敷地の裏で馬を降り、シルトはタイヒと視線を合せた。
側近たちとヴァルムは、少し離れた場所で待たせてある。
「ここで待ちましょう! 王立騎士団に入団したばかりの頃、組んでいた騎士ですが、信用の出来る人ですから… 今は団長の執務を補佐していて、王宮の内情にも詳しいはずです」
タイヒの友人が来るのを静かに待つと…
しばらくしてマントを被った老騎士が現れ、タイヒが1人では無いと分かると警戒するように話し始めた。

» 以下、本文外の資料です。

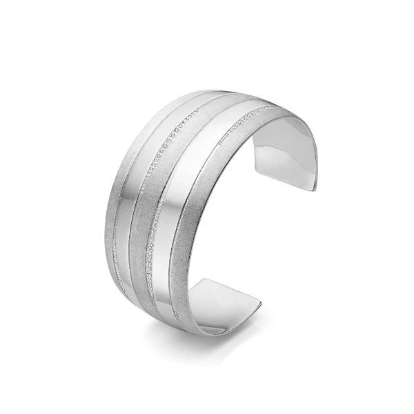 Armringens matte og blanke overflader afspejler kontrasten i tapetets brede striber, og det indfanger hotellets subtile, tidløse elegance i et bærbart kunstværk
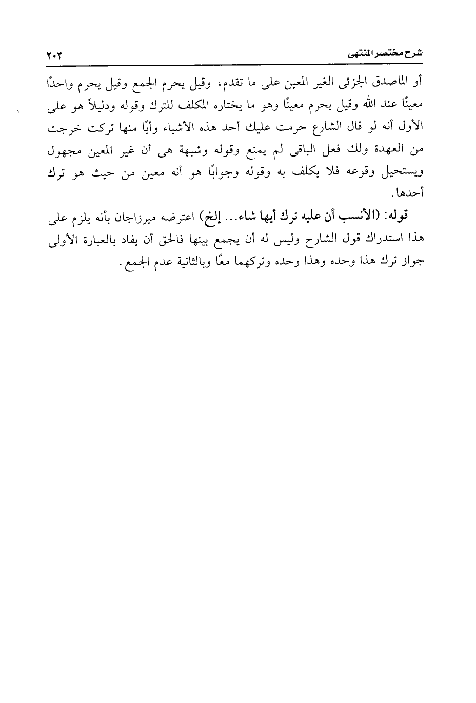 أو الماصدق الجزئى الغير المعين على ما تقدم، وقيل يحرم الجمع وقيل يحرم واحدًا معينًا عند اللَّه وقيل يحرم معينًا وهو ما يختاره المكلف للترك وقوله ودليلًا هو على الأول أنه لو قال الشارع حرمت عليك أحد هذه الأشياء وأيًا منها تركت خرجت من العهدة ولك فعل الباقى لم يمنع وقوله وشبهة هى أن غير المعين مجهول ويستحيل وقوعه فلا يكلف به وقوله وجوابًا هو أنه معين من حيث هو ترك أحدها.

「こちらも困っているのだタイヒ、副団長が捕縛されて、プファオ騎士団と共に、収監されているのだが…」
タイヒの友人は怒りを隠せない様子だ。
「何故、副団長が捕縛されなければならないのだ?!」
思わず隣で聞いていたシルトは口を挟んだ。
「アンタは誰だ?」
タイヒの友人は訝しげにたずね…
「シュナイエン辺境伯のシルト殿だ!」
すぐにタイヒが紹介すると…
「これは、失礼しました! 無礼をお許しください! 我々、王立騎士団もプファオ騎士団のように、北方で魔獣退治の経験を積んでいれば、このような苦境には立たずに済んだものを!! 本当に悔しい限りです!!」
老騎士は自分の胸に手を当て、シルトに礼儀正しくお辞儀をした。
「同じ騎士として、最前線で魔獣と戦う騎士たちに、心から同情している! この厳しい状況を何とかしたくて、私たちはここに来たのだ!」
自分よりも頭1つ分、小柄な老騎士の肩に手を置き、シルトは騎士の心に寄り添った。
「今の状況を話してくれ、もしかすると、力になれるかもしれない」
タイヒも話に加わり、友人を説得する。
「魔獣との戦いに慣れているプファオ騎士団の騎士を中心に、王立騎士団の騎士が組んで戦うことで、辛うじて食い止めることが出来ていたというのに、突然王宮から王太子の命令でプファオ騎士団を連れて行かれて…」
「王太子の命令か… リーラ公爵が王太子を完全に取り込んだ証拠だな」
シルトがつぶやくと、老騎士もうなずいた。
「主力の騎士たちを失い、残った我々王立騎士団だけでは対応できないと、少し前に戦場から戻り、副団長が王宮へ行き抗議したら、捕縛されたのだ!!」
老騎士は悔し涙を浮かべ、夢中で話し続けた。
魔窟の森の前で戦う仲間たちから、既に半数以上の騎士が、命を落としたという報告が、王立騎士団本部に幻鳥で届いているという。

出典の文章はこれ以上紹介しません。